- ACTIVITY: Exactly the lines from the one containing "- ステンレス コインネックレス ステンレスボールチェーン50cm付き ST103" through the final line of the data below, with pictures omitted, make up the answer.

===

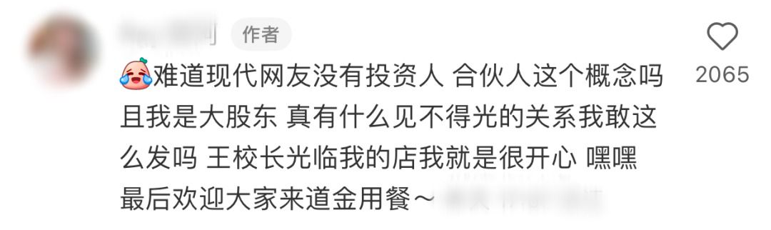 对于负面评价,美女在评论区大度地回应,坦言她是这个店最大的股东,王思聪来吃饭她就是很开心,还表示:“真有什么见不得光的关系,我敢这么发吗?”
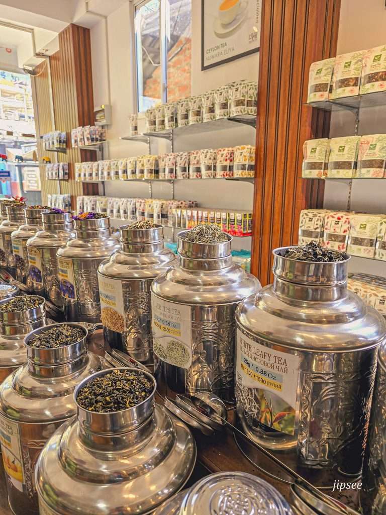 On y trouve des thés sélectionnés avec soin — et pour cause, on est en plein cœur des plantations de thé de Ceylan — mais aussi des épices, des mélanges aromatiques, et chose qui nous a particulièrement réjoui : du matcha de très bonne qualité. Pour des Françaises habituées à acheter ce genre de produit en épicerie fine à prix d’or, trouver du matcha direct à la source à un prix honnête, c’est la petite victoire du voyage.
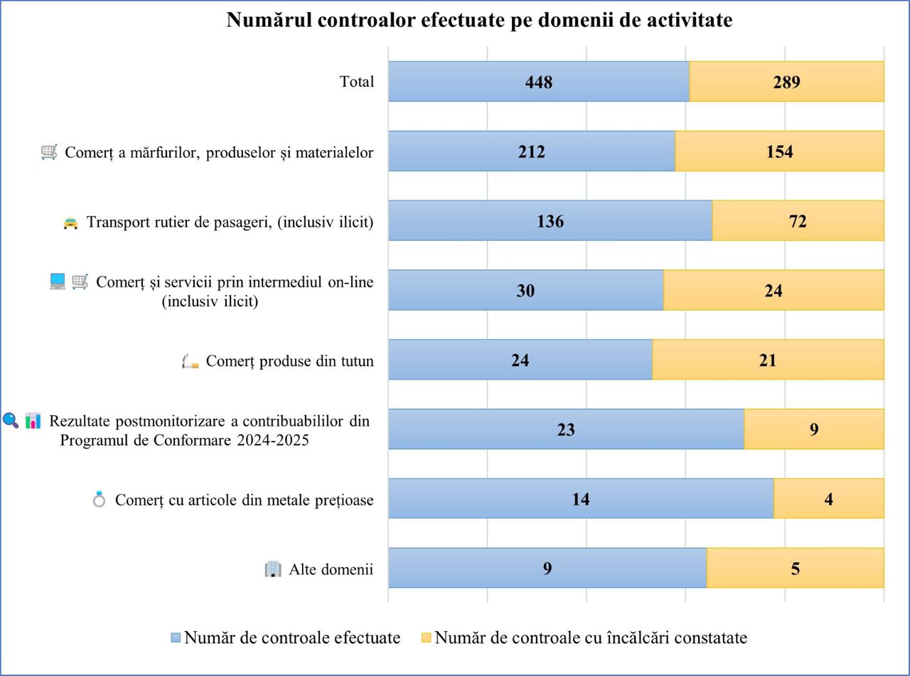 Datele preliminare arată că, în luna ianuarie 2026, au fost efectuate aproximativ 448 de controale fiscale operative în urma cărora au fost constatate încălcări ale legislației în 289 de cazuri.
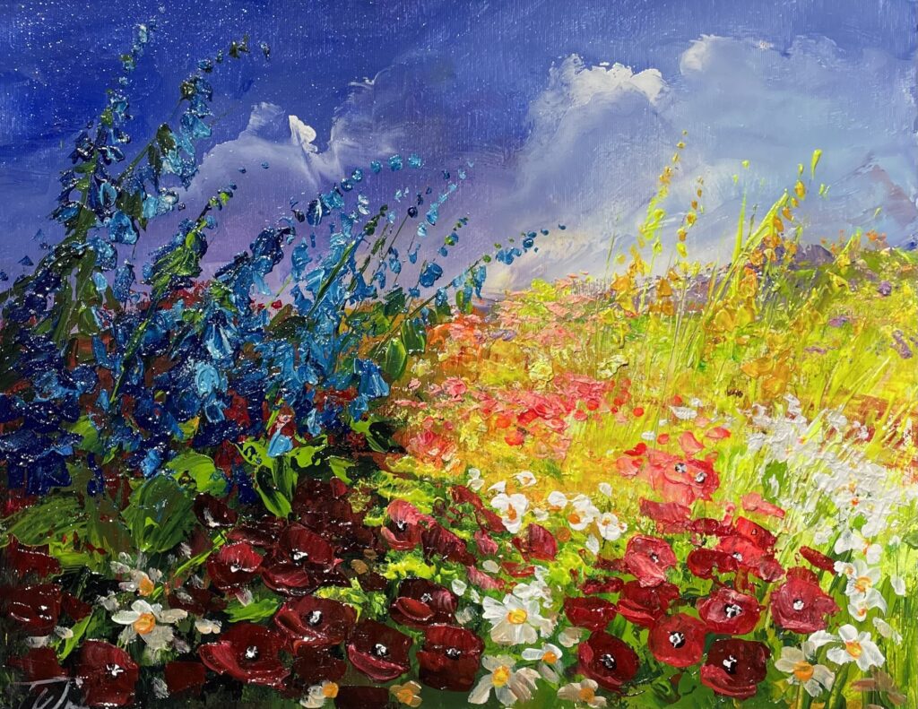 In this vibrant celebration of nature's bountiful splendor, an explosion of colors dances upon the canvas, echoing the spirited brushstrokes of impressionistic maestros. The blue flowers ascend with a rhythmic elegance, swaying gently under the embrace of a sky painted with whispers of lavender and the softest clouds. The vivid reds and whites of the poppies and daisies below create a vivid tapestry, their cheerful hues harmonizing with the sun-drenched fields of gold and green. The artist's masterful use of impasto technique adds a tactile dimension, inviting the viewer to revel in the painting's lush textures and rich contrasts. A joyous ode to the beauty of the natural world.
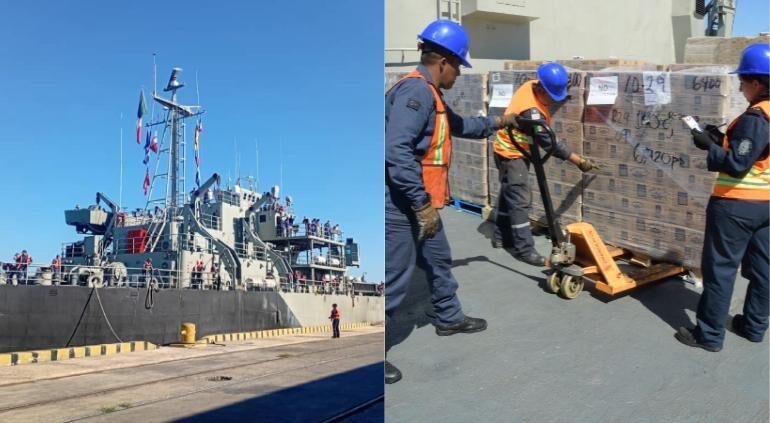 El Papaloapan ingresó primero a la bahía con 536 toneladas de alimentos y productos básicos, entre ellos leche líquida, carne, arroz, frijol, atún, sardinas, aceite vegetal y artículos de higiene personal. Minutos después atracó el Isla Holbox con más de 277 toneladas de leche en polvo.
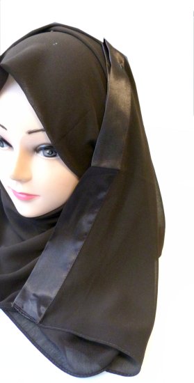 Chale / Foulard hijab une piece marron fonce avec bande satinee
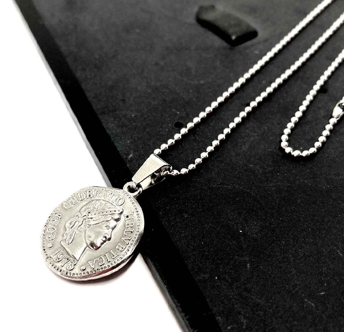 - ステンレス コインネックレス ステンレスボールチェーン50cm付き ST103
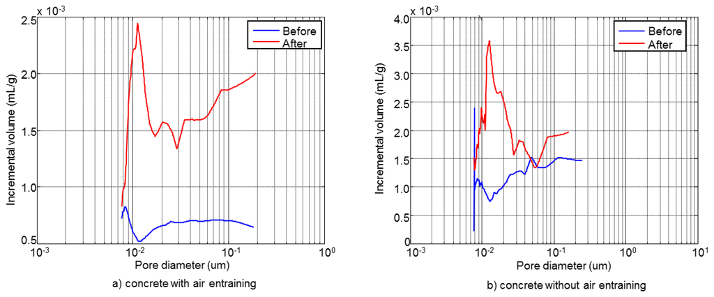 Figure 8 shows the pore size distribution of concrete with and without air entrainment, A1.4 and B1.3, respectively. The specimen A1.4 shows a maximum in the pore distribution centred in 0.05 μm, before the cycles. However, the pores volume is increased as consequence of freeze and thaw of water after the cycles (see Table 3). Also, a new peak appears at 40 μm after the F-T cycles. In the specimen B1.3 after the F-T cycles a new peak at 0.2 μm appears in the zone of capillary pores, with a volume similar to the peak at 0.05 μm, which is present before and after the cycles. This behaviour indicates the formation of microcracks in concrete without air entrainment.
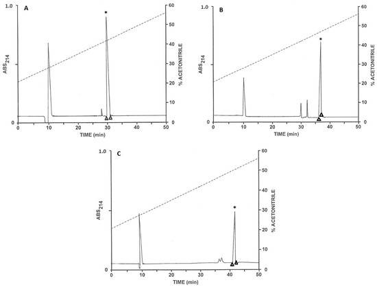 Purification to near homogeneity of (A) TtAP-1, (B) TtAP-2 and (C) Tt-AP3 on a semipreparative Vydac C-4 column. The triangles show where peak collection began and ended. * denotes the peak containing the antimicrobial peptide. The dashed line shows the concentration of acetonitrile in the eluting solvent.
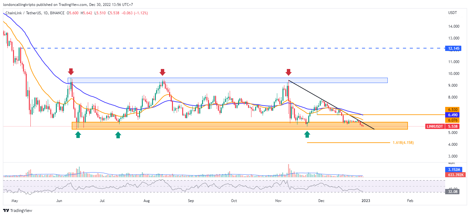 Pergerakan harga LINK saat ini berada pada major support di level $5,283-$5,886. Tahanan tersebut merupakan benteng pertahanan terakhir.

===

- PROBLEM SOLUTION:
 - ステンレス コインネックレス ステンレスボールチェーン50cm付き ST103
 Figure 8 shows the pore size distribution of concrete with and without air entrainment, A1.4 and B1.3, respectively. The specimen A1.4 shows a maximum in the pore distribution centred in 0.05 μm, before the cycles. However, the pores volume is increased as consequence of freeze and thaw of water after the cycles (see Table 3). Also, a new peak appears at 40 μm after the F-T cycles. In the specimen B1.3 after the F-T cycles a new peak at 0.2 μm appears in the zone of capillary pores, with a volume similar to the peak at 0.05 μm, which is present before and after the cycles. This behaviour indicates the formation of microcracks in concrete without air entrainment.
 Purification to near homogeneity of (A) TtAP-1, (B) TtAP-2 and (C) Tt-AP3 on a semipreparative Vydac C-4 column. The triangles show where peak collection began and ended. * denotes the peak containing the antimicrobial peptide. The dashed line shows the concentration of acetonitrile in the eluting solvent.
 Pergerakan harga LINK saat ini berada pada major support di level $5,283-$5,886. Tahanan tersebut merupakan benteng pertahanan terakhir.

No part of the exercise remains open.